Meta-Analysis
Copyright ©The Author(s) 2018. Published by Baishideng Publishing Group Inc. All rights reserved.
World J Gastroenterol. Jun 28, 2018; 24(24): 2628-2639
Published online Jun 28, 2018. doi: 10.3748/wjg.v24.i24.2628
Comparison between uncut Roux-en-Y and Roux-en-Y reconstruction after distal gastrectomy for gastric cancer: A meta-analysis
Ming-Ming Sun, Yi-Yi Fan, Sheng-Chun Dang
Ming-Ming Sun, Yi-Yi Fan, Sheng-Chun Dang, Department of General Surgery, The Affiliated Hospital of Jiangsu University, Zhenjiang 212001, Jiangsu Province, China
Author contributions: Sun MM and Fan YY reviewed and screened the articles included in our meta-analysis; Sun MM and Dang SC performed the analysis and drafted the manuscript; Fan YY and Dang SC drew the essential diagrams; Sun MM and Dang SC designed the study and edited the manuscript.
Supported by Jiangsu Province Fund Projects for “Six Talent Peaks” High-Level Talent, No. 2016-WSN-007.
Conflict-of-interest statement: The authors deny any conflict of interest.
Data sharing statement: No additional data is available.
PRISMA 2009 Checklist statement: The authors have read the PRISMA 2009 Checklist, and the manuscript was prepared and revised according to the PRISMA 2009 Checklist.
Open-Access: This article is an open-access article which was selected by an in-house editor and fully peer-reviewed by external reviewers.
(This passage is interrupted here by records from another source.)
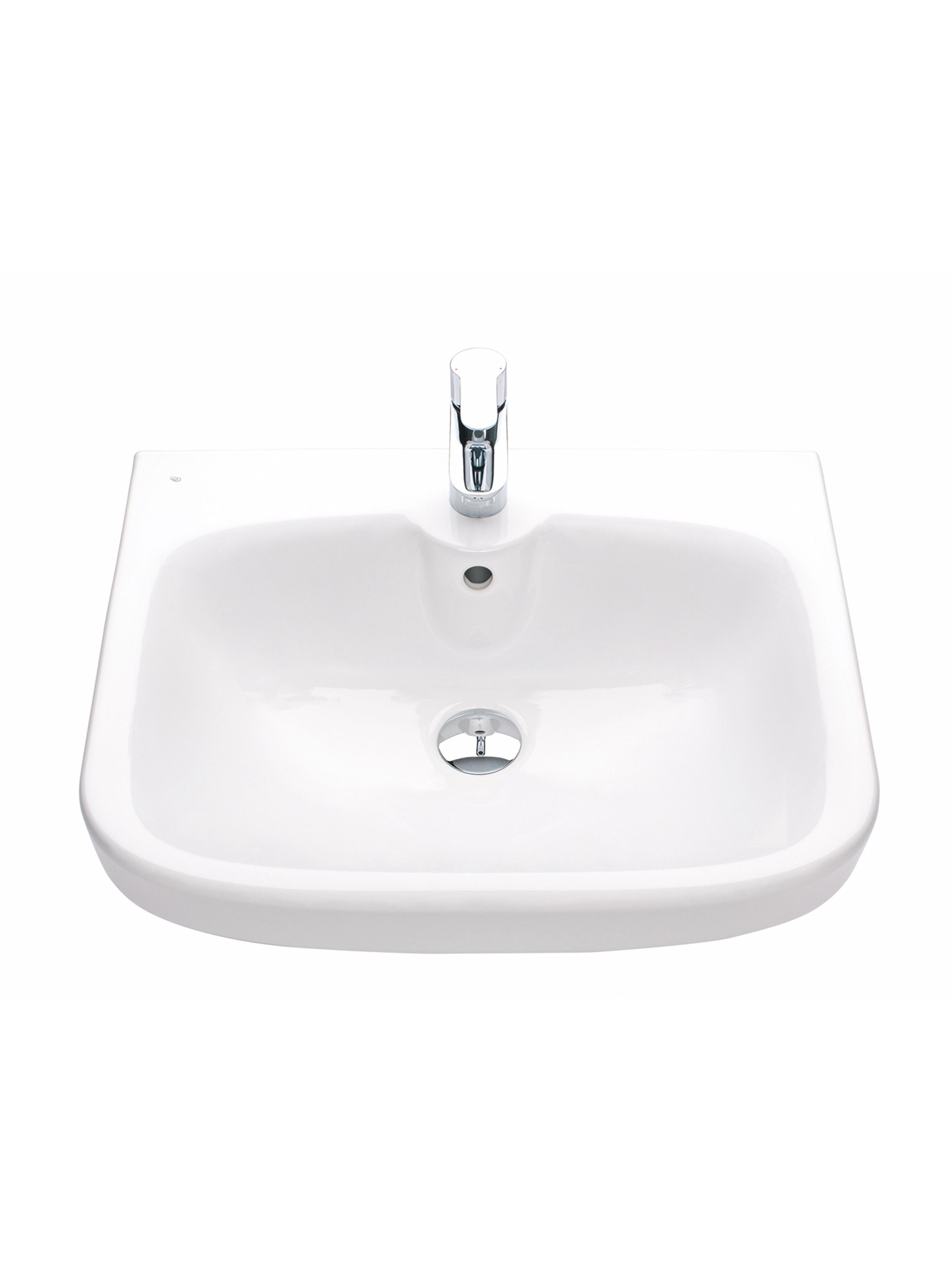 Porsgrund Glow servant i porselen, 560 mm, rektangulær design. Dypt basseng og god avsettingsplass i bakkant. For bolter/bærejern. Porselenets Smart glasur gjør servanten enkel å holde ren.
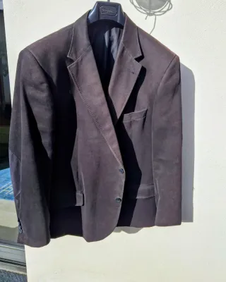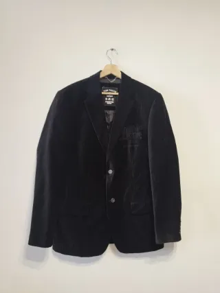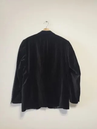 Vendo americana de terciopelo de hombre. Color negro, muy elegante, tanto para vestir como para llevar casual con vaqueros o chinos. Talla 56. Yo llevo 54 pero ésta no da mucha talla. Solo estrenada, usada solo en una ceremonia, como a estrenar. Comprada en El Corte Inglés.
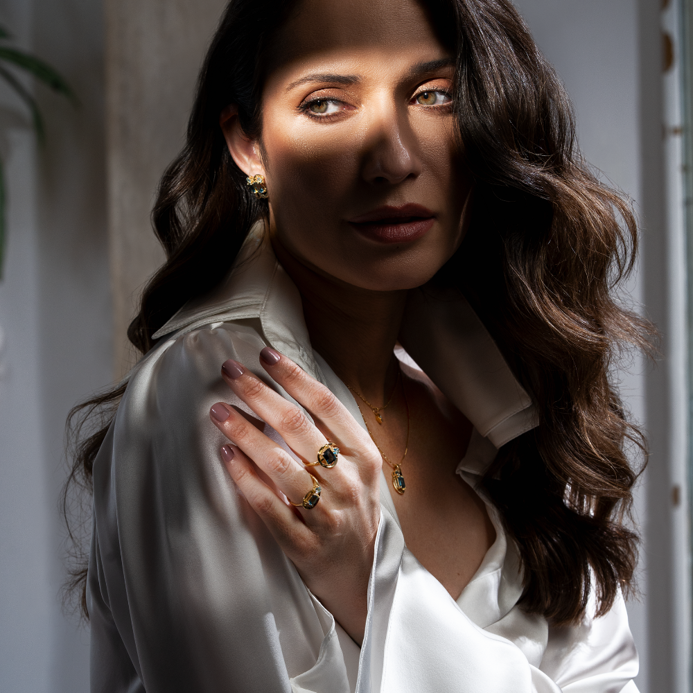 Este anel da coleção Stone une intensidade e leveza em uma mesma peça. Em ouro amarelo 18K, o contraste entre o azul profundo do topázio London e a suavidade do topázio Sky reflete a força sutil de quem valoriza joias com personalidade.
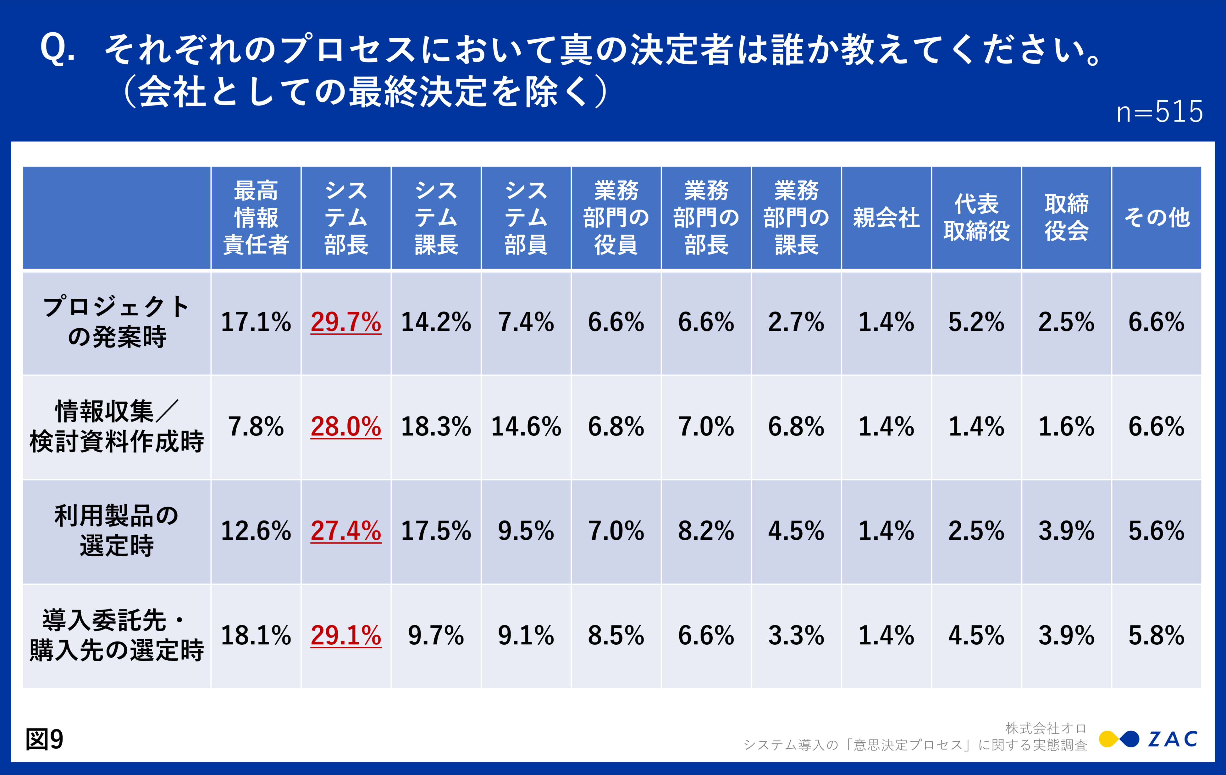 それぞれのプロセスにおいて真の決定者は誰かという質問では、すべてのプロセスのおいて、最も割合が高かったのが、「システム部長」という回答でした。(図9)
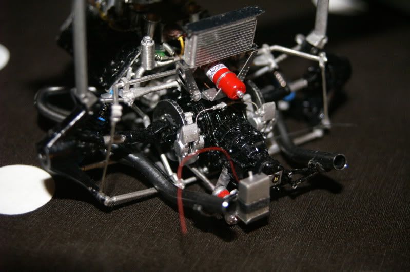 I think the engine is done now. I have added some wires for the ignition and some details on the throttles. The springs looks a bit big in the pics, but they are fine IRL.

It is distributed in accordance with the Creative Commons Attribution Non Commercial (CC BY-NC 4.0) license, which permits others to distribute, remix, adapt, build upon this work non-commercially, and license their derivative works on different terms, provided the original work is properly cited and the use is non-commercial. See: http://creativecommons.org/licenses/by-nc/4.0/
Correspondence to: Sheng-Chun Dang, MD, Professor, Chief Doctor, Surgeon, Department of General Surgery, the Affiliated Hospital of Jiangsu University, No. 438 Jiefang Road, Zhenjiang 212001, Jiangsu Province, China. dscgu@163.com
Telephone: +86-511-88820988 Fax: +86-511-88820988
Received: March 13, 2018
Peer-review started: March 13, 2018
First decision: March 30, 2018
Revised: April 5, 2018
Accepted: June 2, 2018
Article in press: June 2, 2018
Published online: June 28, 2018
ARTICLE HIGHLIGHTS
Research background

Gastric cancer is the fourth most common cancer worldwide and the third most frequent cause of death from cancer. At present, the choice of gastrointestinal reconstruction after distal gastrectomy (DG) for gastric cancer remains controversial. Uncut Roux-en-Y (U-RY) reconstruction is an improvement of the Roux-en-Y (RY) reconstruction, which is a promising method that may replace the previous type of anastomosis. This systematic review and meta-analysis aimed to compare the clinical efficacy and safety of U-RY vs RY reconstruction after DG for gastric cancer.

Research motivation

A method of digestive tract reconstruction called “U-RY anastomosis” was first proposed in 1988. It has been a research hotspot for years since then. Some surgeons consider U-RY reconstruction superior to RY reconstruction, while others do not. Therefore, its use remains controversial.

Research objectives

This novel meta-analysis compared U-RY and RY reconstruction after DG for gastric cancer. It compared U-RY and RY reconstruction in terms of perioperative outcomes, postoperative complications, and postoperative nutritional status.

Research methods

A literature search was conducted to identify studies comparing U-RY with RY after DG for gastric cancer. Using either fixed- or random-effects models, pooled odds ratios or weighted mean difference with 95% confidence interval was calculated. Meta-analyses were performed using RevMan 5.3 software.

Research results

Some clinical advantages were provided by U-RY reconstruction, such as shorter operative time and lowered incidence of reflux gastritis/esophagitis, delayed gastric emptying, and Roux stasis syndrome.

Research conclusions

The present study showed that U-RY reconstruction after DG for gastric cancer was secure and feasible, providing a guideline for clinical practice. However, high-quality RCTs in multiple centers are still needed for further confirmation.

Research perspectives

U-RY anastomosis maintained mesenteric continuity and ensured good perfusion of the anastomotic site. It could reduce the formation of anastomotic stenosis.